TASK INSTRUCTIONS:
Nothing but the lines from the one with "Willow tree at sunset by the pond poster" through the end of the listing should be reproduced, each exactly and with pictures omitted.

DATA EXCERPT:
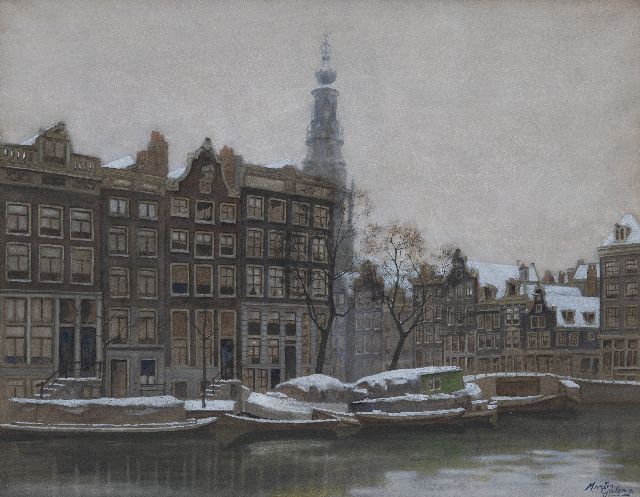 Arjen Galema | Amsterdam in de winter, met uitzicht op de Zuiderkerkstoren, aquarel op papier, 52,0 x 66,5 cm, gesigneerd r.o. en zonder lijst
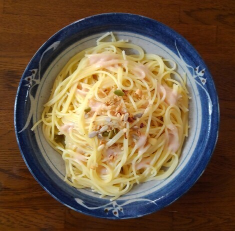 明太子パスタを食べてエネルギーチャージです
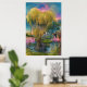 Willow tree at sunset by the pond poster
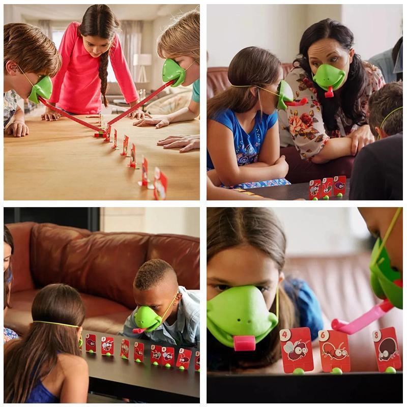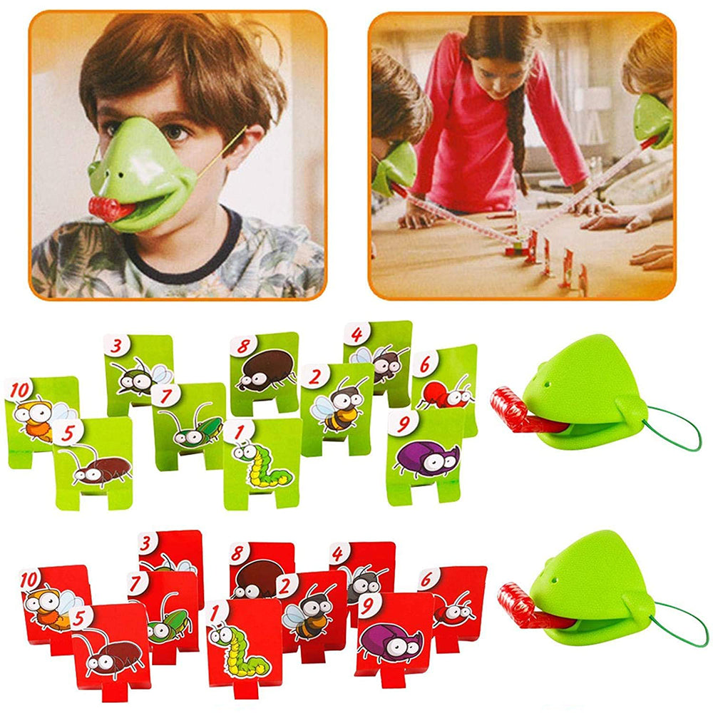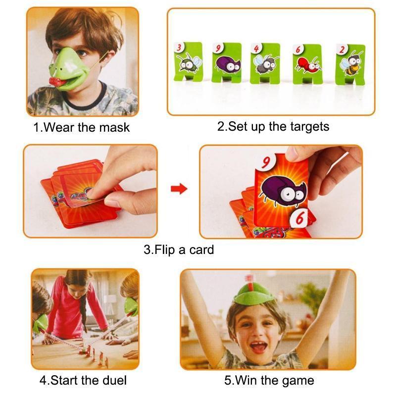 Both players in thissuperblyfun gamewear chameleon mouthmasks complete with extending red tongues.Similar to a party blower.puffing into the plastic tongue unfurls it for a quick strike.

EXPECTED ANSWER:
 Willow tree at sunset by the pond poster
 Both players in thissuperblyfun gamewear chameleon mouthmasks complete with extending red tongues.Similar to a party blower.puffing into the plastic tongue unfurls it for a quick strike.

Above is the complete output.